Median and range metacarpophalangeal joint (MCPJ) circumferences and mechanical nociceptive thresholds (MNTs) in 6 healthy research horses after unilateral forelimb sole-pressure lameness induction 24 hours earlier to establish grade 3/5 baseline lameness, and then at 1, 6, 24, 48, and 72 hours after perineural anesthesia of the medial and lateral palmar nerves, grouped by treatment (bupivacaine hydrochloride [BHCl] or liposomal bupivacaine [LB]) in a crossover study conducted between January 22, 2019, and February 23, 2019.

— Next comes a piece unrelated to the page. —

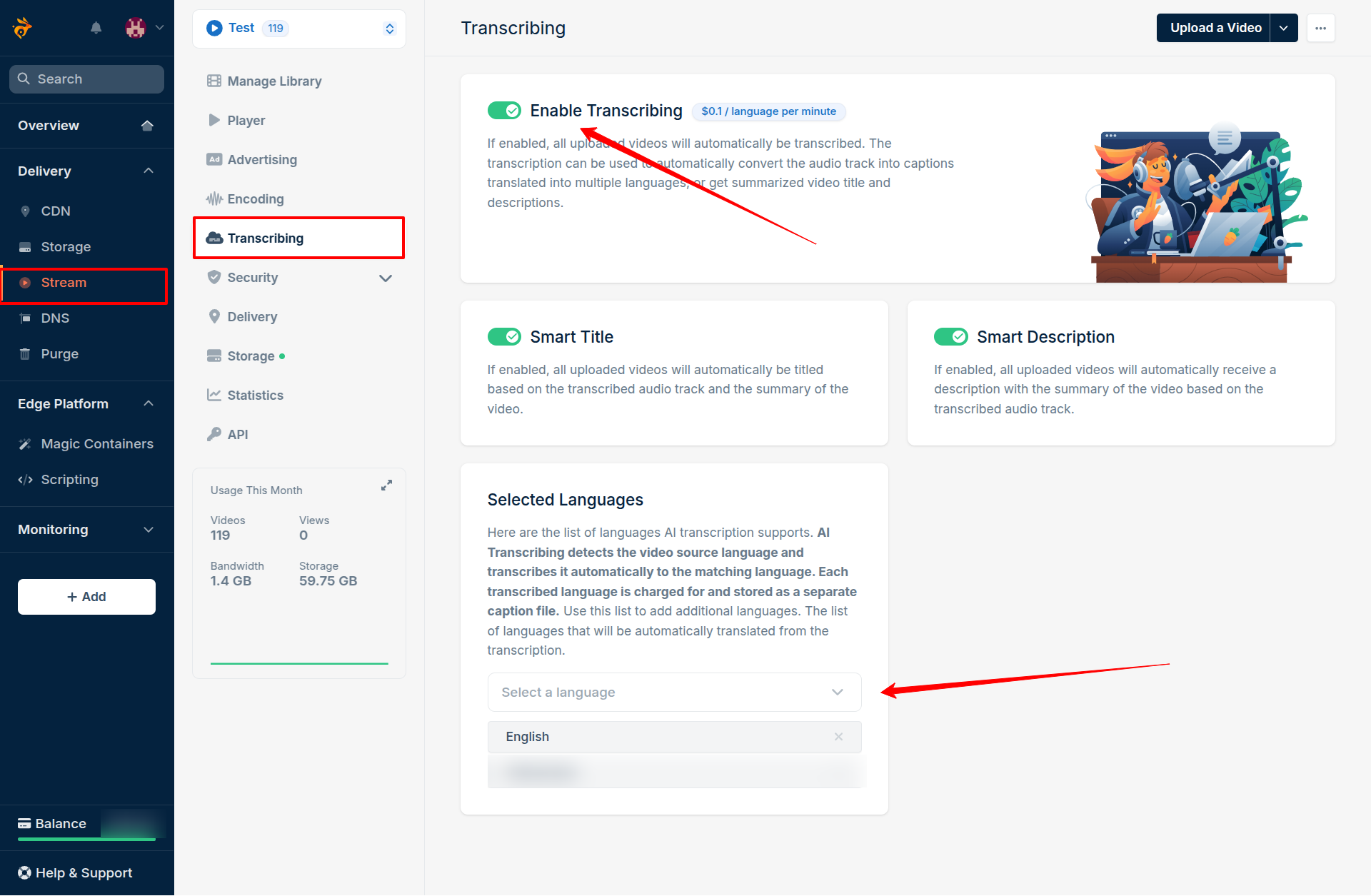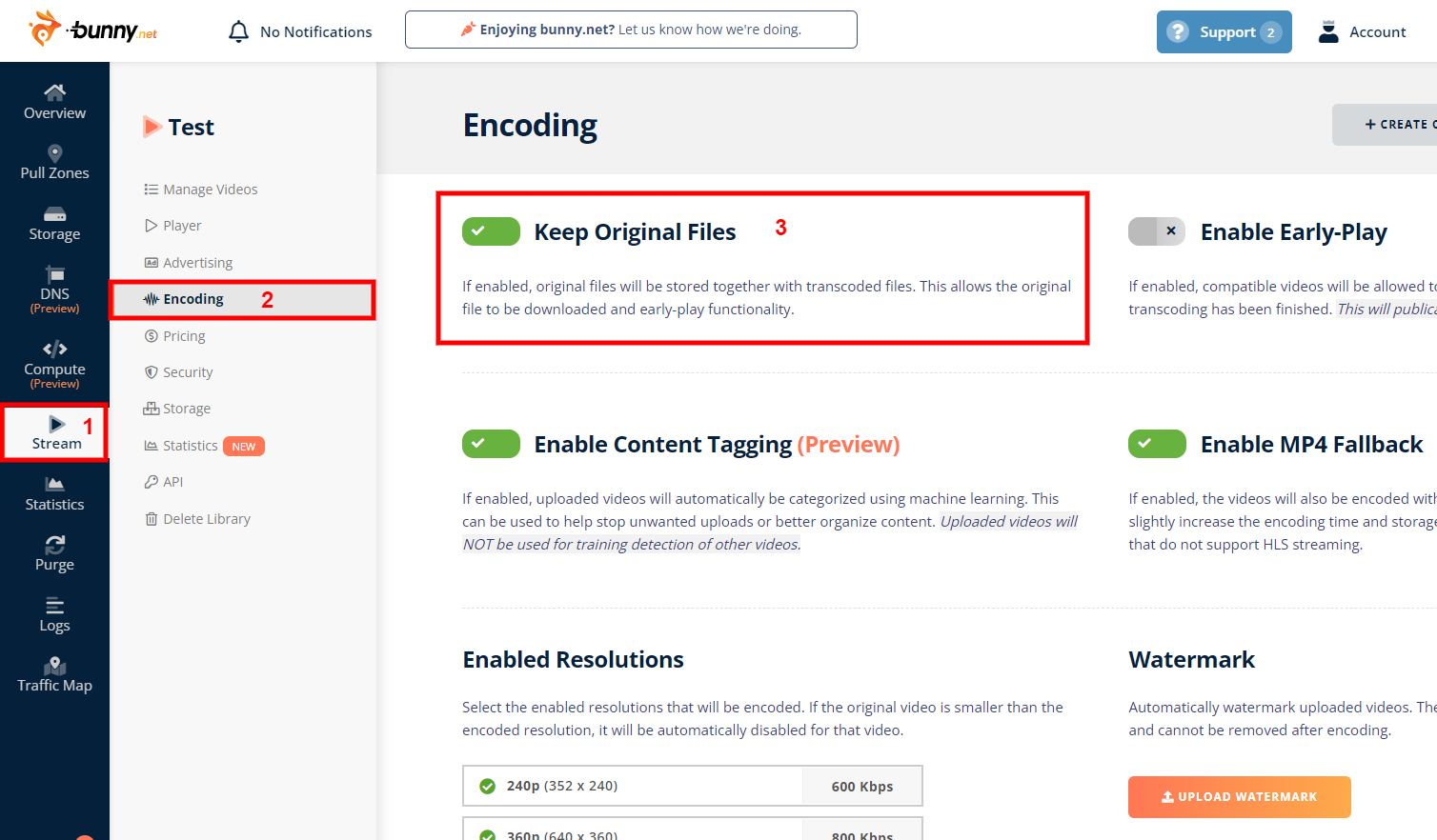 **Step 2**: Go to your Bunny **Dashboard > Stream** page, choose the **Library**, click the **Encoding** menu and enable the **Keep Original Files** option.

Variable | Treatment | Baseline | 1 hour | 6 hours | 24 hours | 48 hours | 72 hours | P value |
---|---|---|---|---|---|---|---|---|
MCPJ circumference (cm) | BHCl | 23.8 (23.5–26.4) | 23.9 (23.3–26.1) | 23.8 (23.4–26.5) | 24.0 (23.1–26.4) | 23.9 (23.6–26.5)* | 23.9 (23.5–26.0) | 0.050 |
LB | 23.9 (23.5–26.1) | 24.1 (23.6–26.0) | 24.2 (23.5–26.2) | 24.3 (23.7–6.8)* | 24.3 (23.7–26.7) | 24.3 (23.7–26.3) | 0.032 | |
MNT (kg/cm2) | BHCl | 10.5 (7.0–12.6) | 20.8 (19.5–24.5)* | 11.3 (7.7–12.6) | 9.5 (6.7–12.5) | 9.6 (7.9–13.5) | 8.5 (7.4–10) | < 0.001 |
LB | 8.9 (6.7–10.3) | 21.9 (20.4–24.9)* | 20.1 (12.4–22.5)* | 12.8 (8.5–20.0)* | 9.1 (7.4–9.9) | 8.4 (7.1–14.2) | < 0.001 |
Indicates a significant difference (P < 0.05) between that time point and the baseline measurement for that specific treatment.
MNT testing
MNTs were significantly (P < 0.001) increased after perineural anesthesia with BHCl at 1 hour after injection, compared with baseline. When treated with LB, horses had significantly (P ≤ 0.001) increased MNTs at 1, 6, and 24 hours, compared with baseline (Table 1).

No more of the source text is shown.